Of course the "loud voices" of the "secular" Muslim Minority are many
American Muslims who reject CAIR's claim to speak on their behalf. The late Seifeldin Ashmawy, publisher of the New Jersey-based Voice of Peace, called CAIR the champion of "extremists whose views do not represent Islam."[8] Jamal Hasan of the Council for Democracy and Tolerance explains that CAIR's goal is to spread "Islamic hegemony the world over by hook or by crook."[9] Kamal Nawash, head of Free Muslims Against Terrorism, finds that CAIR and similar groups condemn terrorism on the surface while endorsing an ideology that helps foster extremism, adding that "almost all of their members are theocratic Muslims who reject secularism and want to establish Islamic states."[10] Tashbih Sayyed of the Council for Democracy and Tolerance calls CAIR "the most accomplished fifth column" in the United States.[11] And Stephen Schwartz of the Center on Islamic Pluralism writes that "CAIR should be considered a foreign-based subversive organization, comparable in the Islamist field to the Soviet-controlled Communist Party, USA."[12]

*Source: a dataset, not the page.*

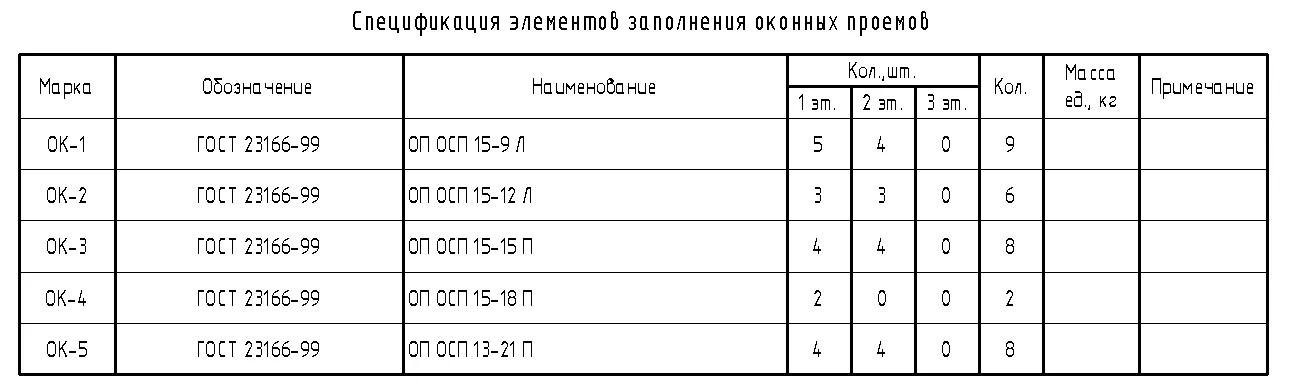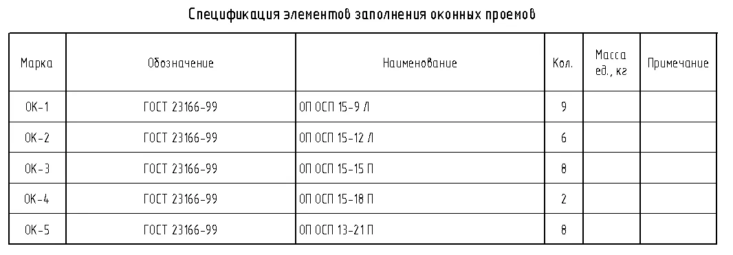 5.2.8. Окна. Подоконники. Спецификация элементов заполнения оконных проемов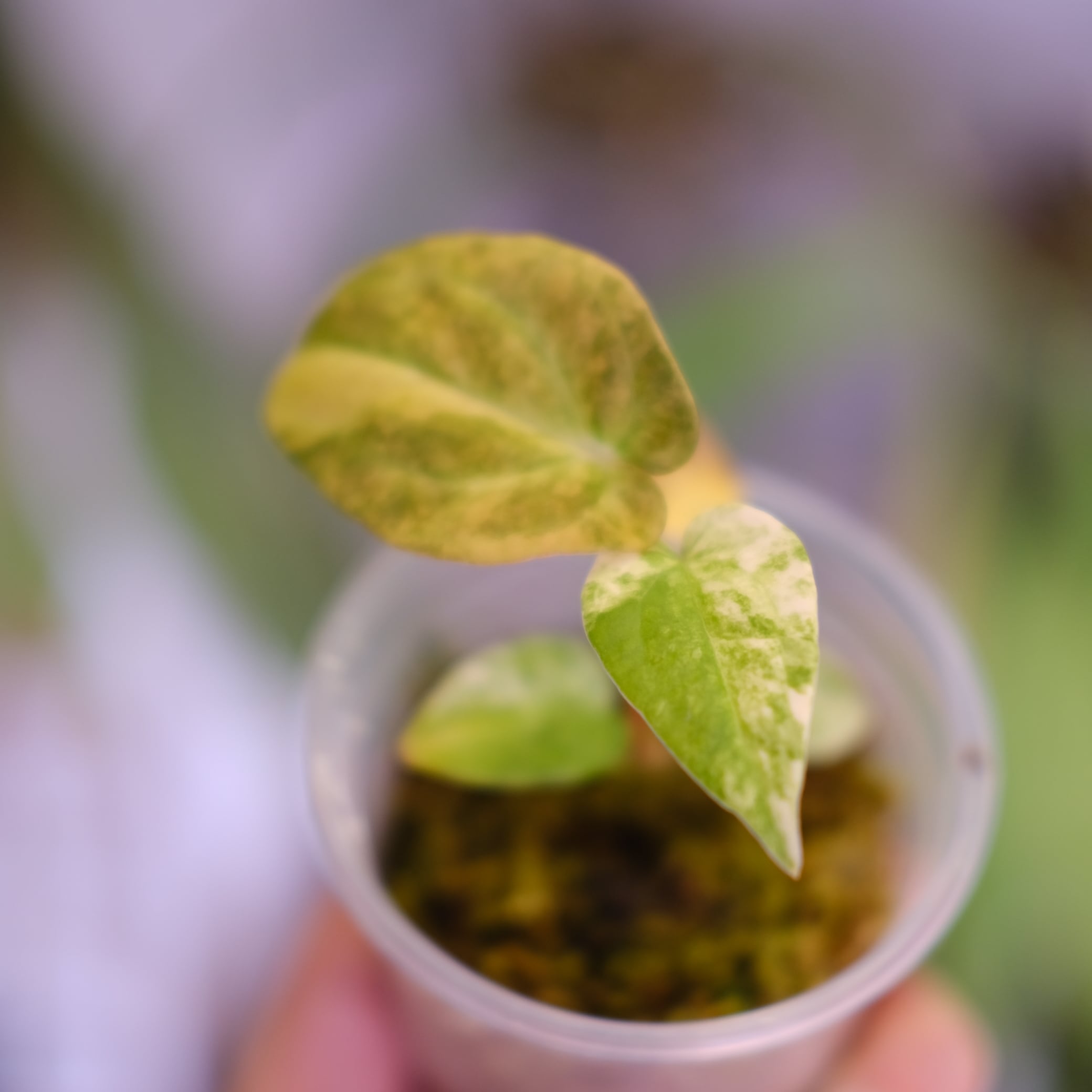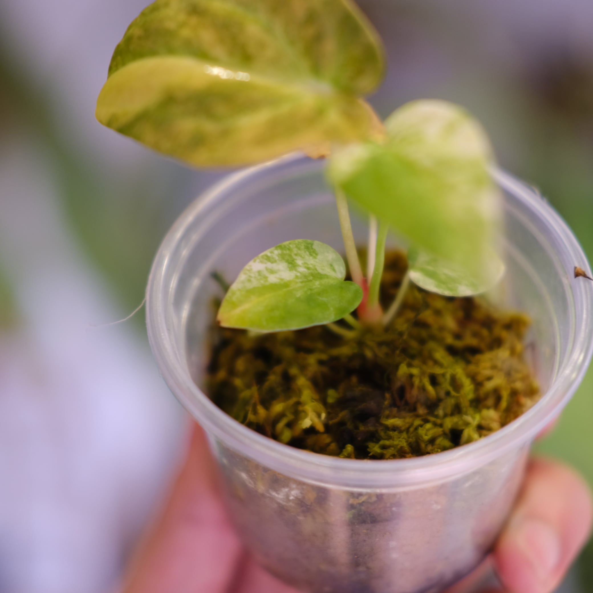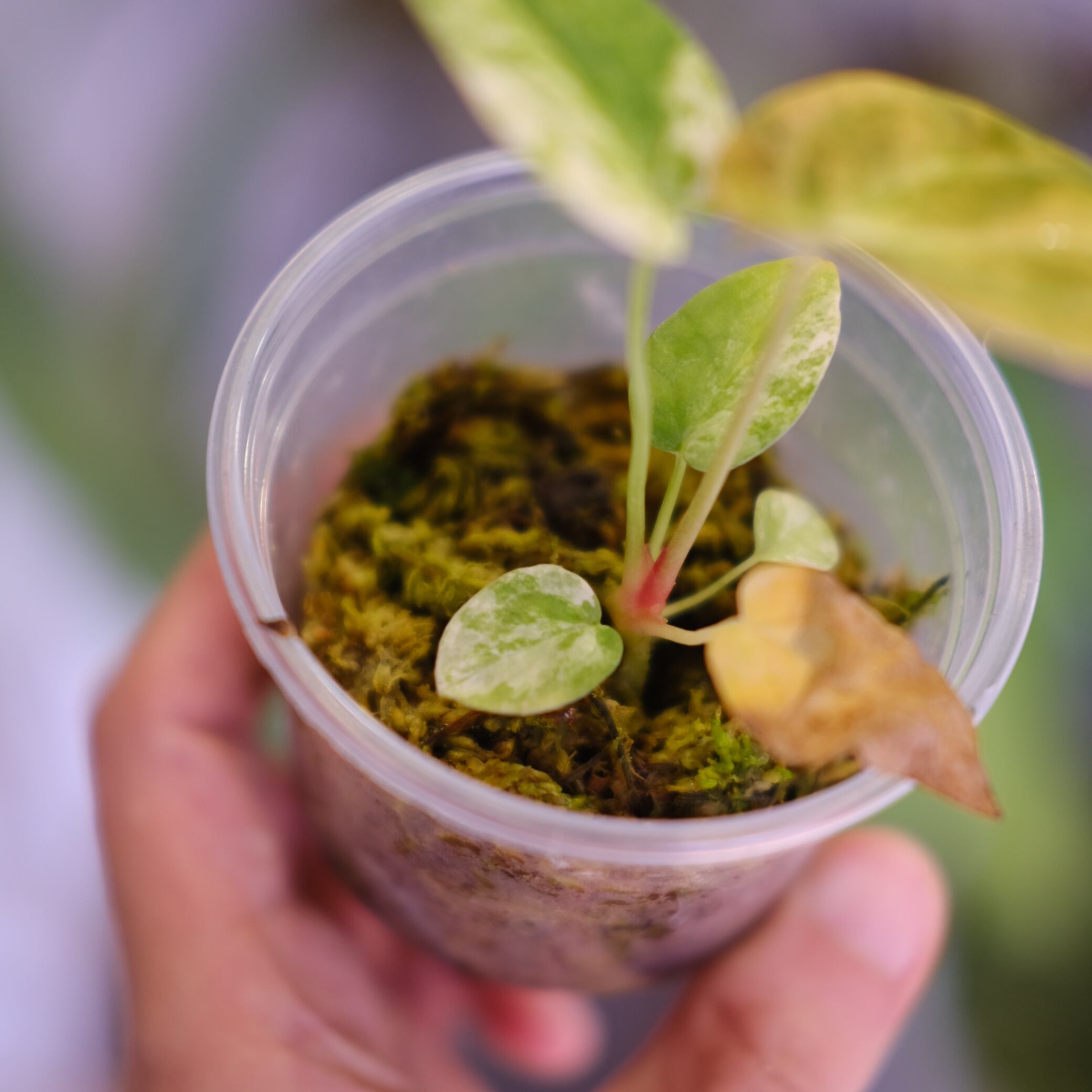 Red Spider は新葉時の赤色表現が特徴的な園芸系統で、葉脈や葉柄に色が乗りやすい点が評価されています。本交配では、両者の特性が中間的に現れ、形が崩れにくく、色の動きが加わった葉姿が期待されます。

CAIR, for its part, dismisses all criticism, blaming negative comments on "Muslim bashers" who "can never point to something CAIR has done in its 10-year history that is objectionable."[13] Actually, there is much about the organization's history that is objectionable—and it is readily apparent to anyone who bothers to look.
You can find some this within the pages of this blog; here, here, and here, for instance.

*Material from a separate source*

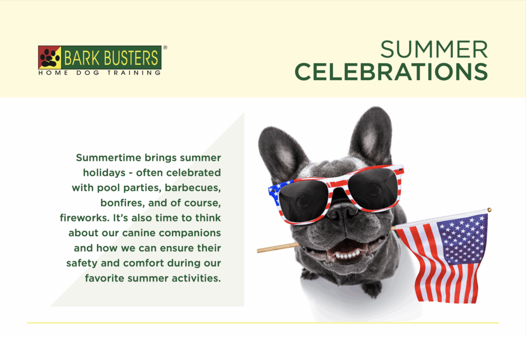 If you’re attending an event with fireworks, leave your dog at home and safely inside. Keep windows and curtains closed to reduce noise and bright flashes. Consider leaving the TV on or calm music playing at a normal volume to help distract your dog and help them relax.

CAIR has also made inroads with the ACLU not only have the ACLU defended a number of Palestinian terrorists, they have had a CAIR member at-large board member of the Florida branch. Dr. Ahmed won a Civil Liberties award in 2002 from the South-Central Pennsylvania chapter of the ACLU. But
At a CAIR-sponsored event at the National Press Club in Washington, D.C. on February 16, titled “Religious and Political Perspectives on the Cartoon Controversy,” (just a week and a half after the ACLU and Ahmed formally cemented their relationship), Ahmed called for the government of the United States, and those around the world, to adopt “blasphemy” laws as a manner to ensure that the cartoons, originally published by a Danish newspaper, could never be published again. At the event, Ahmed stated:
“I think the next steps would be to broaden the scope of anti-hate laws and even contemplate about passing blasphemy laws, because blasphemy with such sacred icons, like the Prophet Muhammad, like the Koran, or the cross, or other religious symbols … So governments, legislatures, international bodies … must contemplate about what are the ways in which an anti-blasphemy law can be passed that can protect the right to exercise freedom of religion.”

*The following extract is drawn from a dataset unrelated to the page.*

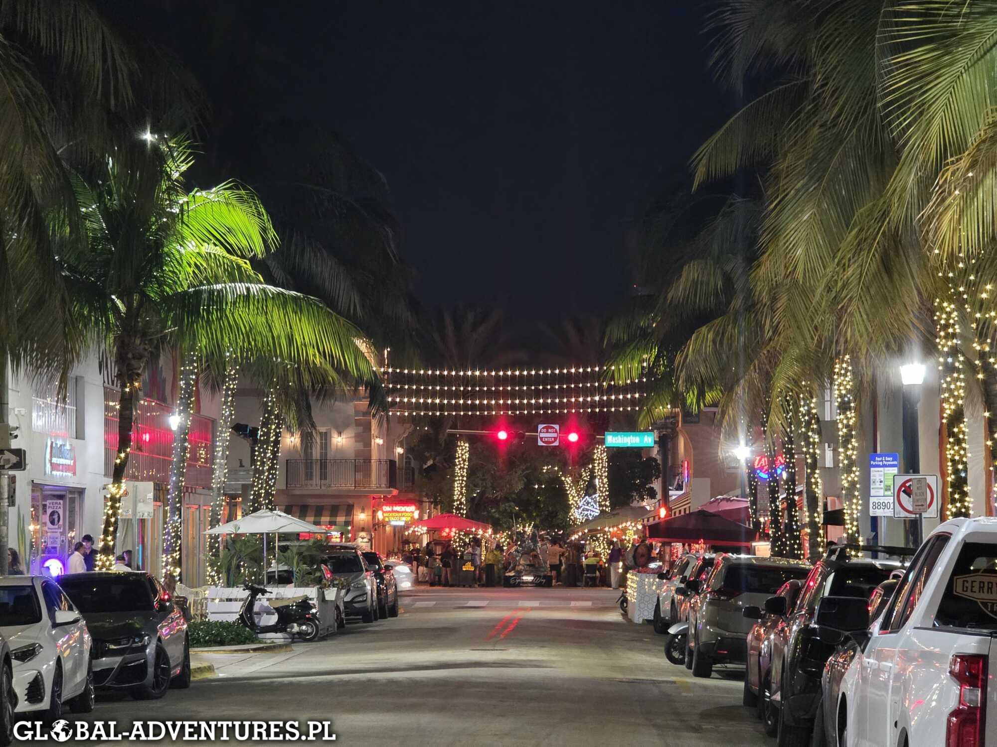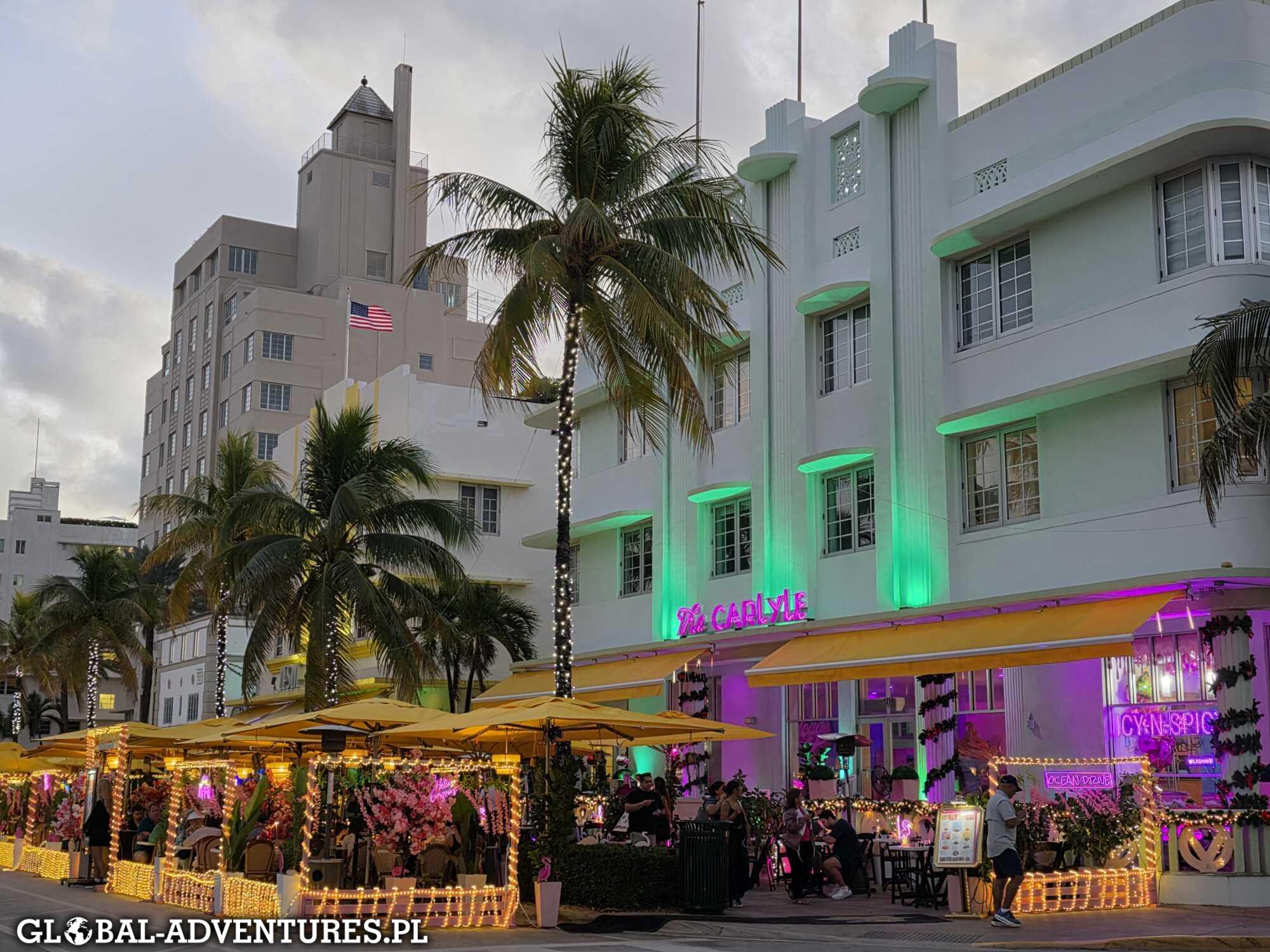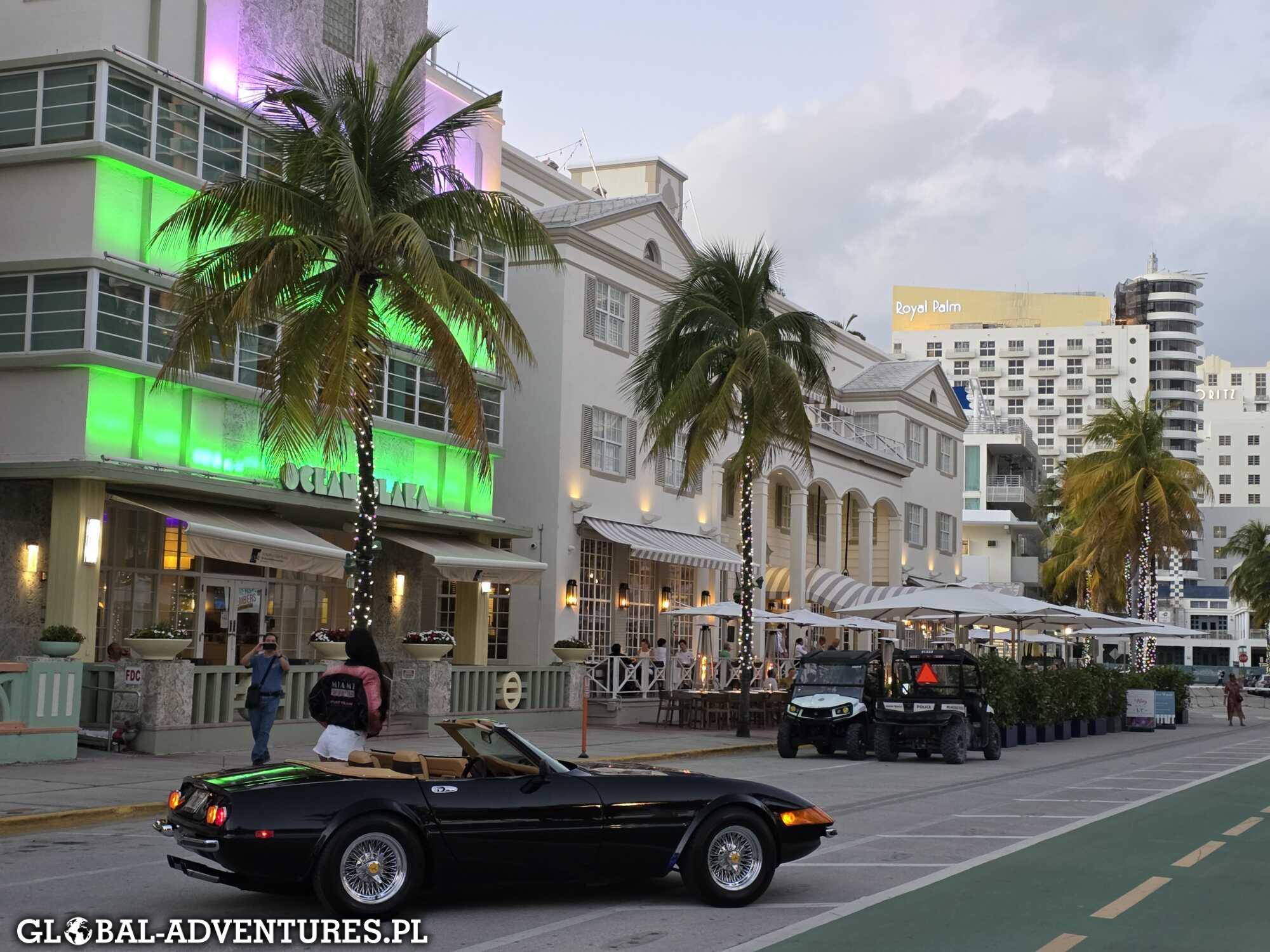 Miami Beach, trochę plaża, Ocean Drive i okolica. Po drodze szybkie zakupy w sklepie, potem kolacja we włoskiej restauracji. Jest już 23:30.

I myself fail to see how "blasphemy laws" enhance Civil Liberties especially when they are so biased for a single religion.
One can only hope that the recent declaration by the Justice Department reduces the influence of CAIR to, oh, about zero. At the very least one would hope that we stop inviting them into our schools and we stop using them to conduct "sensitivity training" to our law enforcement officers.